# Required work
Pictures excluded, reproduce exactly the lines below from the one with "Pancakes Gouda, Μπέικον και Αυγό Τηγανητό" through the one with "ft. | Unfurnished |", both included.

# Stored data

※ ※ ※

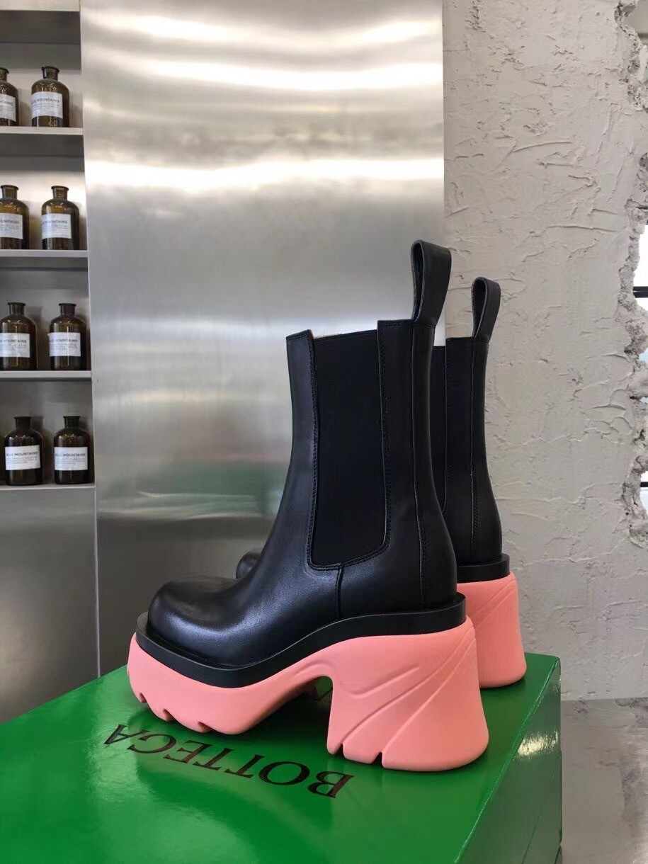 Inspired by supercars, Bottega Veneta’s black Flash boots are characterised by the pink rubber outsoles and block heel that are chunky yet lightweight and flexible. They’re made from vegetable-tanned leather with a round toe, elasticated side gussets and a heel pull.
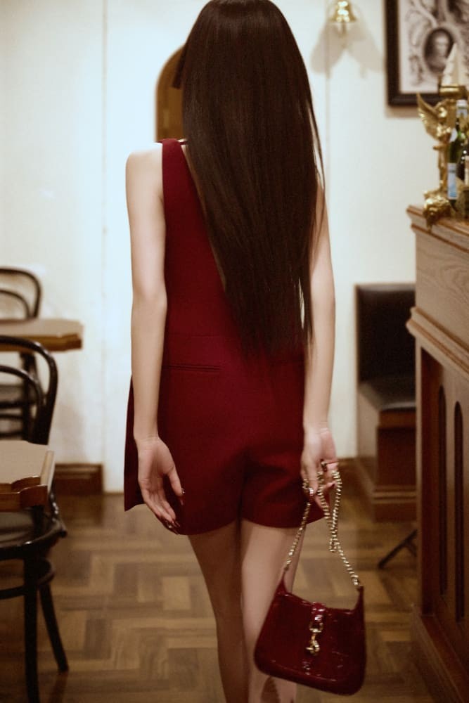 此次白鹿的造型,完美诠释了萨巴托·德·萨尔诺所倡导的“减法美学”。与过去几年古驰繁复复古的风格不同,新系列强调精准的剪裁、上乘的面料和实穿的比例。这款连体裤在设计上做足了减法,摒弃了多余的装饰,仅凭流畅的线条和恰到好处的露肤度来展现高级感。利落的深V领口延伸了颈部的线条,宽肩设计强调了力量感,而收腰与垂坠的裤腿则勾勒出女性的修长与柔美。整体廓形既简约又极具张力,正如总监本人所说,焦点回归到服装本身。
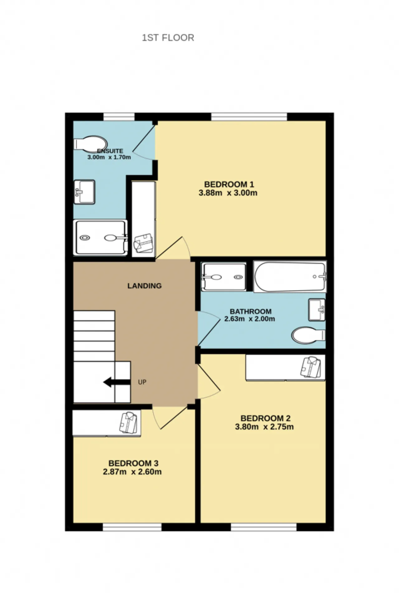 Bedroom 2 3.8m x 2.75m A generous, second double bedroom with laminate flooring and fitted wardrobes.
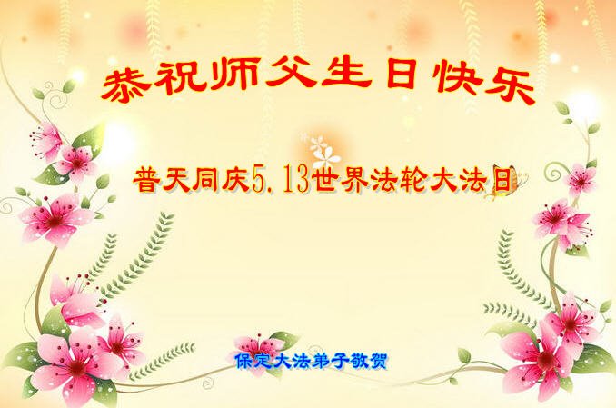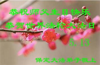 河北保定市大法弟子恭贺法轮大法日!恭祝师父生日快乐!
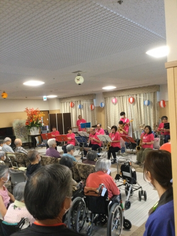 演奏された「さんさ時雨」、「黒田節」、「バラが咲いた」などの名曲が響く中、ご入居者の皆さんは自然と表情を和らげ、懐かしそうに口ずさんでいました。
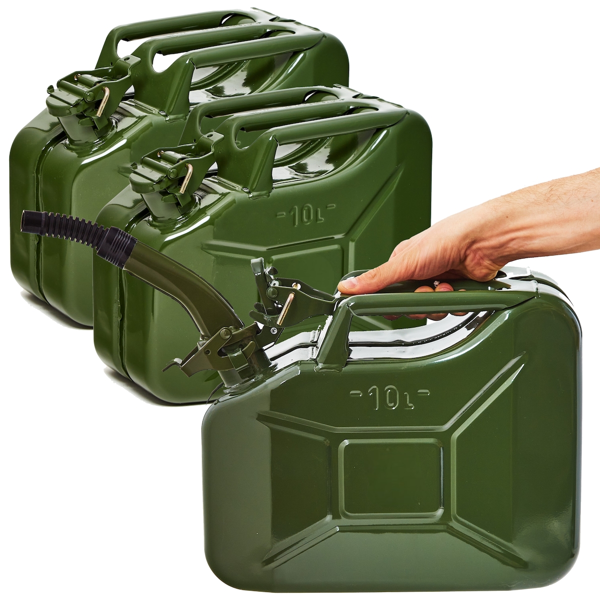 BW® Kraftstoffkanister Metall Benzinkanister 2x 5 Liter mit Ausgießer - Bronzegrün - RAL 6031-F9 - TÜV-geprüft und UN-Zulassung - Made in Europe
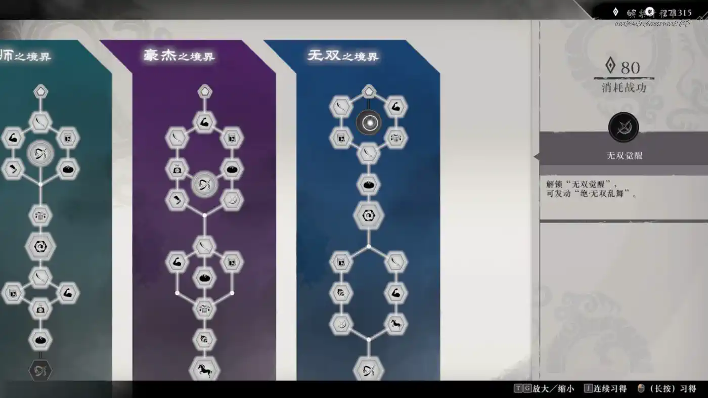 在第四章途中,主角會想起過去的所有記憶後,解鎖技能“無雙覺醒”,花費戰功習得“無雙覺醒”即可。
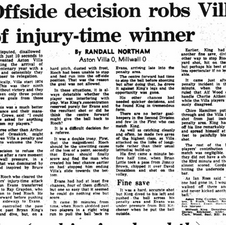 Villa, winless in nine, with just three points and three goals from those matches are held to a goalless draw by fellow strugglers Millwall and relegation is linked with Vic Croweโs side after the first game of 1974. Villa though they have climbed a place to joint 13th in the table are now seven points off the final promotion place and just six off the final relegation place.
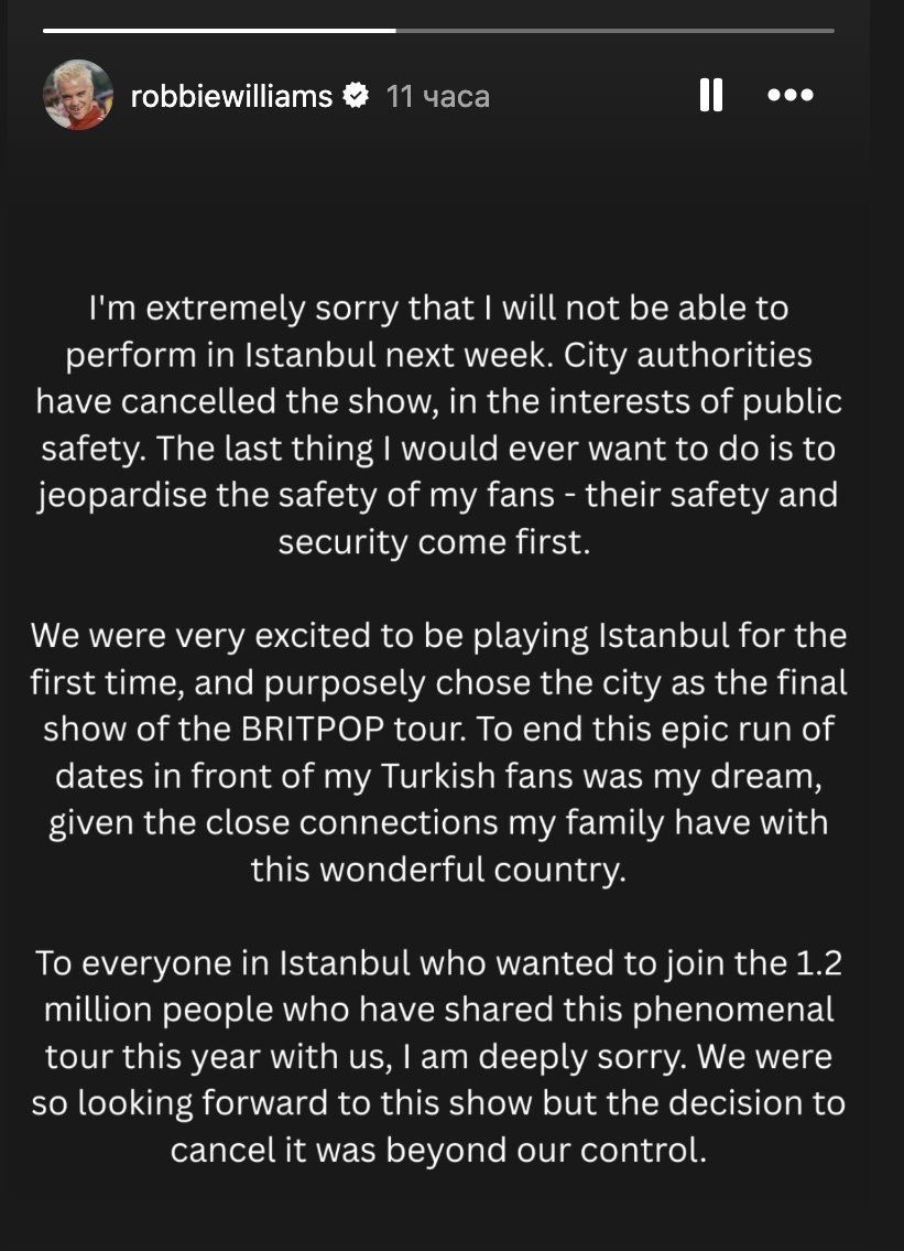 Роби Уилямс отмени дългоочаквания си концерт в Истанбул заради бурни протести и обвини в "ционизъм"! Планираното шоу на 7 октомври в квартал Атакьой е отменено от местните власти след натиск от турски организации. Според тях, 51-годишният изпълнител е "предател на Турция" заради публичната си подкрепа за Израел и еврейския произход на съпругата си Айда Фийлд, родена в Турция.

※ ※ ※

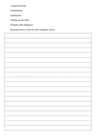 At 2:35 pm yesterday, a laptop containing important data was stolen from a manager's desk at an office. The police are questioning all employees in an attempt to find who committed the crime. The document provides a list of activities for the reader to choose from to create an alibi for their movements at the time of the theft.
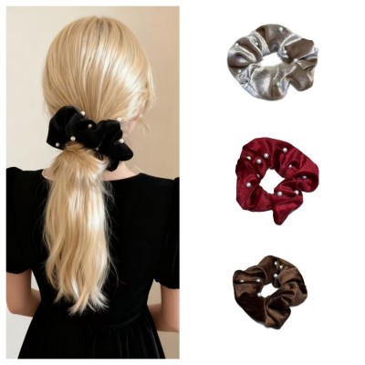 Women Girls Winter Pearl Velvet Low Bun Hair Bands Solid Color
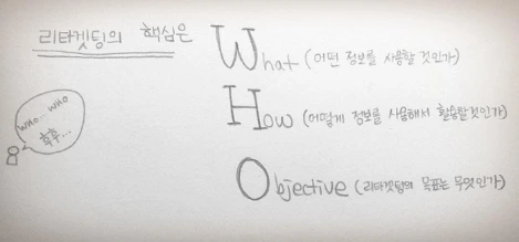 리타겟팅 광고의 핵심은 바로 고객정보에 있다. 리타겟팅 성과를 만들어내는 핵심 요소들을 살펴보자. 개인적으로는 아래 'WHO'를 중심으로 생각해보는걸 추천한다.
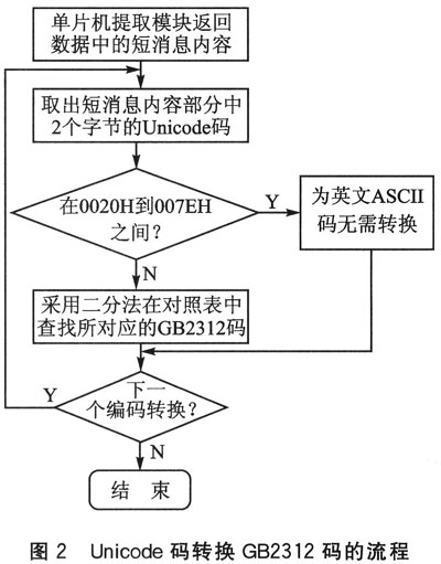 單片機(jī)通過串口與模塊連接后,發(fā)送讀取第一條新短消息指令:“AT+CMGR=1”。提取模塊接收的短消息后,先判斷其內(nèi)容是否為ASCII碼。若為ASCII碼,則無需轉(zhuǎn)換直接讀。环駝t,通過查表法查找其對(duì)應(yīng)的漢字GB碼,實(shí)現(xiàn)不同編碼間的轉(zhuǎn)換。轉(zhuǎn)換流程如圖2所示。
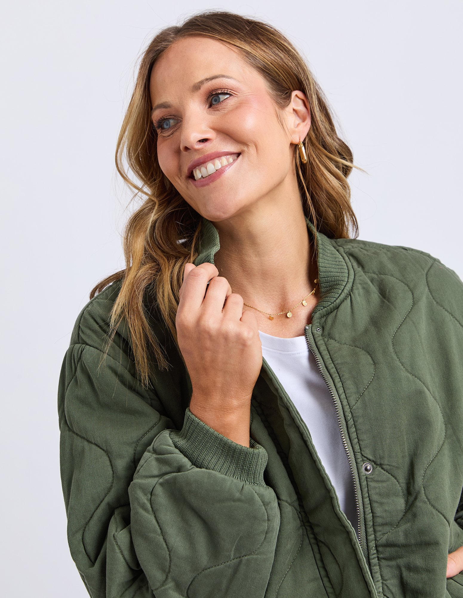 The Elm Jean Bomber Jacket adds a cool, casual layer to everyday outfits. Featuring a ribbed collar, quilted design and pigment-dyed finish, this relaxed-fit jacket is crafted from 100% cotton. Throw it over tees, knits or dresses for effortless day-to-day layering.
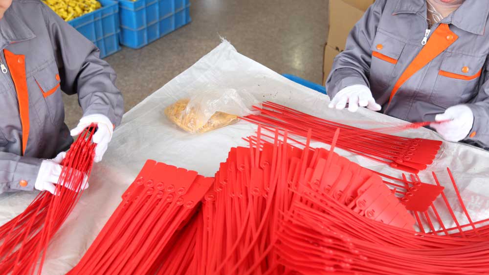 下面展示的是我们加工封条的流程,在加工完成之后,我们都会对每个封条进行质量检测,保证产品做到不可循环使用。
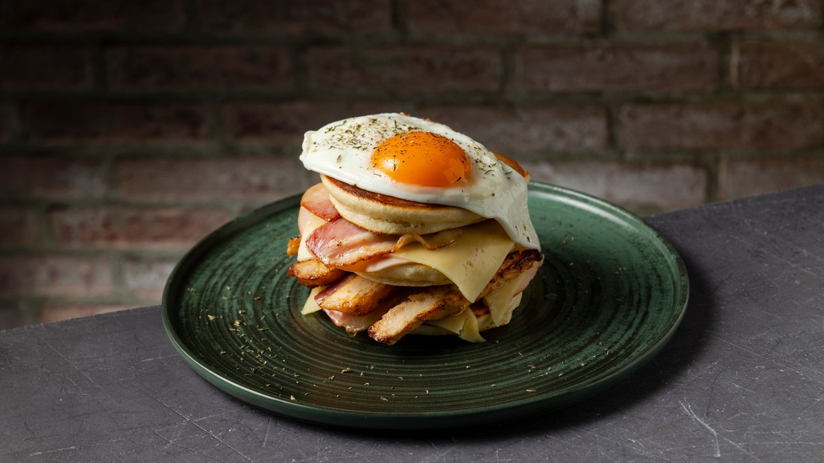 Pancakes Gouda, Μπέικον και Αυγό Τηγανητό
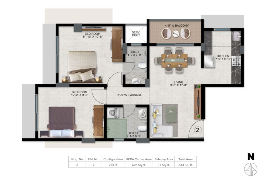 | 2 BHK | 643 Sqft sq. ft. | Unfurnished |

※ ※ ※

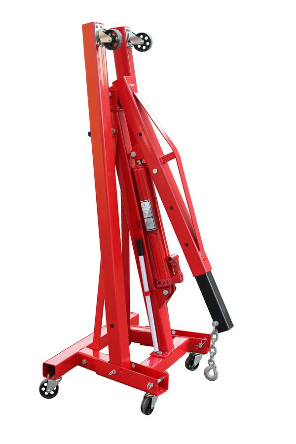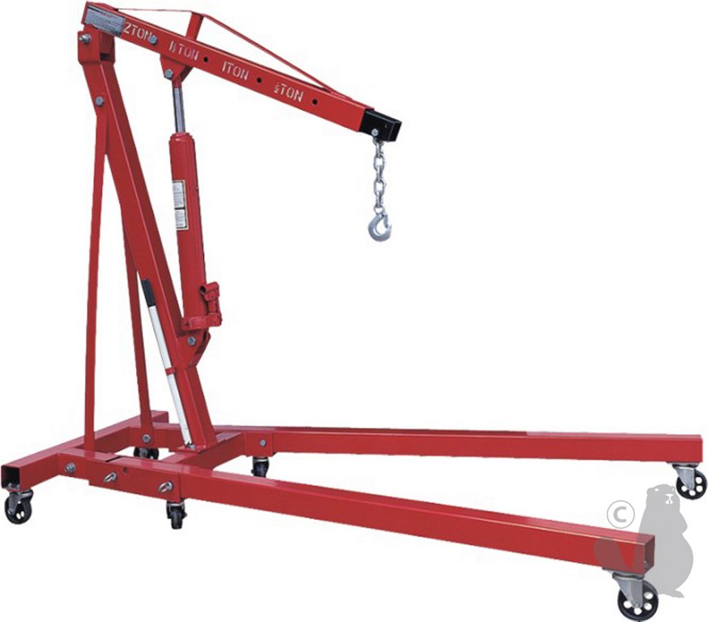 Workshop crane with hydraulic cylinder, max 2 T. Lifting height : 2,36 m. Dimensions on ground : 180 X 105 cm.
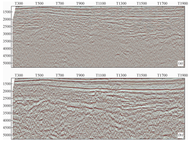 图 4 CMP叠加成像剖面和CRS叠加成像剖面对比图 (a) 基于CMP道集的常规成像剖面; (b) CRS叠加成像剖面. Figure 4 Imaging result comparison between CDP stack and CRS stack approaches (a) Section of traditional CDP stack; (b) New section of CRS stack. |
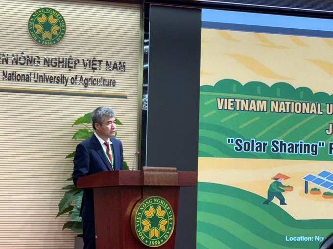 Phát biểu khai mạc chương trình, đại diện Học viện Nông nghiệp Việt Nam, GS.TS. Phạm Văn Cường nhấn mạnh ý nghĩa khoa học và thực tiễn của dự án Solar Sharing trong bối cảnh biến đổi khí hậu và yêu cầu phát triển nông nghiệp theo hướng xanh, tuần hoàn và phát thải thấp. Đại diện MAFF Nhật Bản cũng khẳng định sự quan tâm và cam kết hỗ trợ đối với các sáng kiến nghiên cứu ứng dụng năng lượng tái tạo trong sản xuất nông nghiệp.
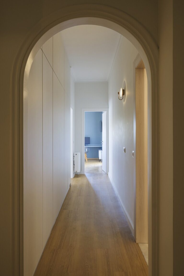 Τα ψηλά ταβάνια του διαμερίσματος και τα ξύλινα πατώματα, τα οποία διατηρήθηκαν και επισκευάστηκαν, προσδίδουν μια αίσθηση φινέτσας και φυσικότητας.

※ ※ ※

# Problem solution
 Pancakes Gouda, Μπέικον και Αυγό Τηγανητό
 | 2 BHK | 643 Sqft sq. ft. | Unfurnished |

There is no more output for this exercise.